A Study of Pemetrexed Plus Carboplatin Followed by Maintenance Pemetrexed vs Paclitaxel Plus Carboplatin and Bevacizumab Followed by Maintenance Bevacizumab in Patients With Advanced NCSLC of Nonsquamous Histology


This is a multicenter, randomized, open-label, Phase III trial. Eligible patients will be
randomized in a 1:1 ratio to receive pemetrexed and carboplatin followed by pemetrexed or
paclitaxel, carboplatin, and bevacizumab followed by bevacizumab as their study treatment.
Patients randomized to Pemetrexed + Carboplatin + Pemetrexed will receive folic acid,
vitamin B12, and dexamethasone as stated in the pemetrexed label. Before administration of
paclitaxel, patients randomized to Paclitaxel + Carboplatin + Bevacizumab will receive
premedication (dexamethasone, diphenhydramine, and cimetidine or ranitidine) as recommended
in the paclitaxel label.


Inclusion Criteria:



- a histologic or cytologic diagnosis of advanced NSCLC (Stage IV from the American
Joint Committee on Cancer Staging Criteria (AJCC) staging system, version 7.0,
including both M1a and M1b), other than predominantly squamous cell histology, that
is not amenable to curative therapy. Patients may not have received any prior
systemic chemotherapy, immunotherapy, targeted therapy, or biological therapy,
including adjuvant therapy, for any stage of NSCLC.

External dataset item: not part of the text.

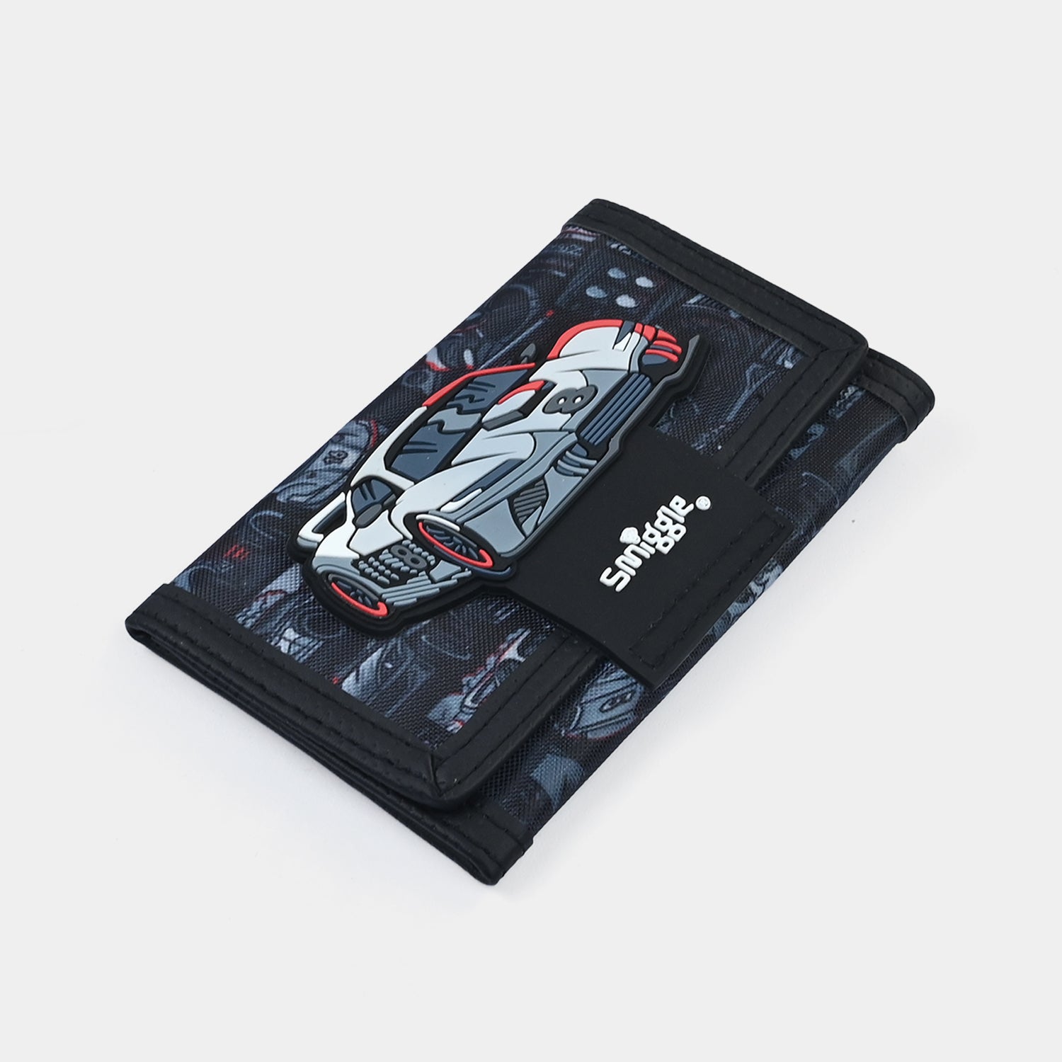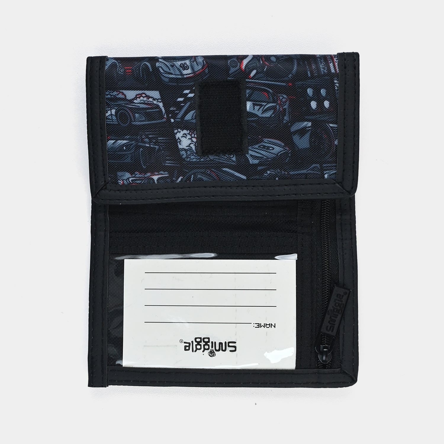 This black wallet features a fun car print. Designed to be playful yet practical, it offers organized storage and secure compartments, making it perfect for everyday use.

- prior radiation therapy is allowed to < 25% of the bone marrow; however, prior
radiation to the whole pelvis not allowed.

- good performance status

- adequate organ function

- estimated life expectancy of at least 12 weeks.

Exclusion Criteria:

- known central nervous system (CNS) disease, other than treated brain metastasis.

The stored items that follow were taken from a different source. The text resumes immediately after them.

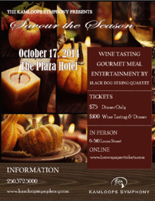 Join us October 17, 2014 for a harvest dinner at the Plaza Hotel. Begin the night with an informative wine tasting on the wines of BC, then tantalize your taste buds with a gourmet dinner prepared by Executive Chef Mike Swann of the Plaza Hotel. Be entertained by The Black Dog String Quartet and bid on some amazing silent auction items donated by the generous local organizations of Kamloops.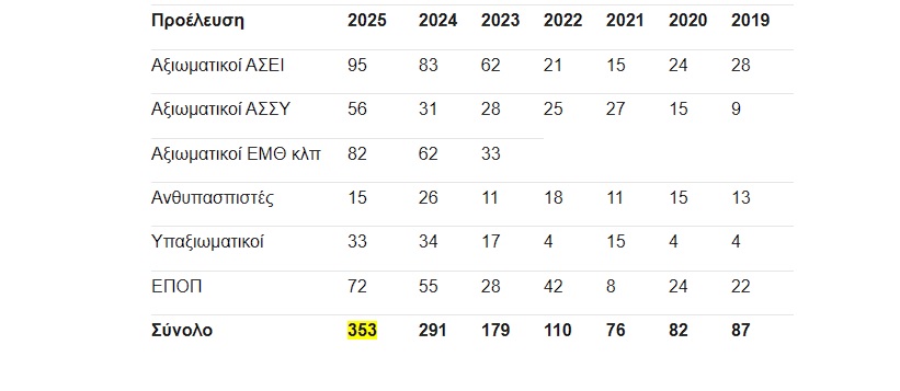 Ο ένας στους τέσσερις είναι αξιωματικός ΑΣΕΙ (95/353).
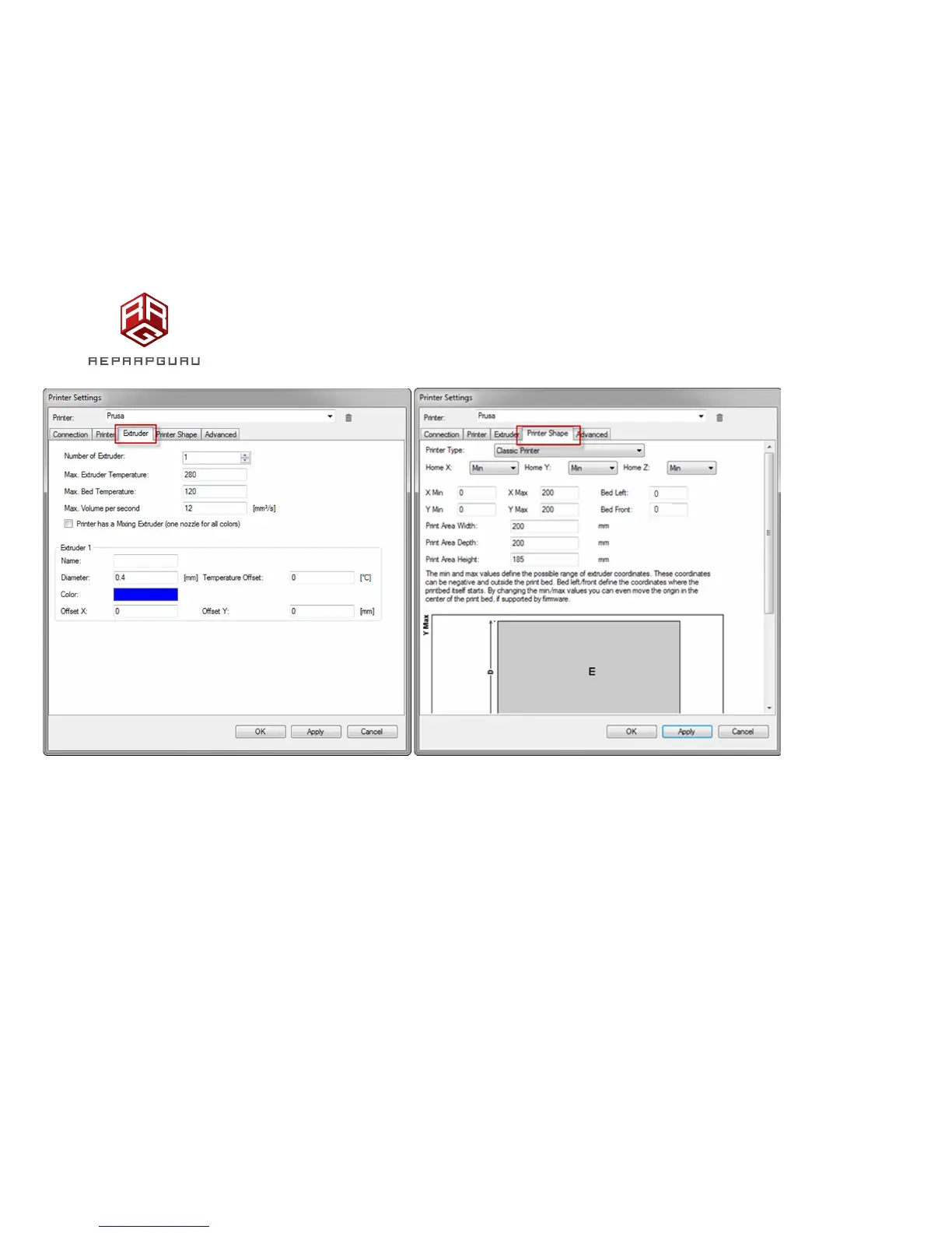 RepRap Guru Prusa i3 - Printer Settings: Extruder & Shape Tabs

- major surgical procedure, open biopsy, open pleurodesis, or significant traumatic
injury within 28 days prior to study or have an anticipated need for major surgery
during the study.

- core biopsy or other minor surgical procedure, excluding placement of vascular access
device, closed pleurodesis, thoracentesis, and mediastinoscopy, within 7 days prior
to study.

- history of gastrointestinal fistula, perforation, or abscess, inflammatory bowel
disease, or diverticulitis.

- currently receiving ongoing treatment with full-dose warfarin or equivalent

- significant vascular disease within 6 months prior to Day 1 of Cycle 1.

- evidence of bleeding diathesis or coagulopathy.

- serious concomitant systemic disorder that, in the opinion of the investigator, would
compromise the patient's ability to adhere to the protocol.

- serious cardiac condition, such as myocardial infarction, angina, or heart disease.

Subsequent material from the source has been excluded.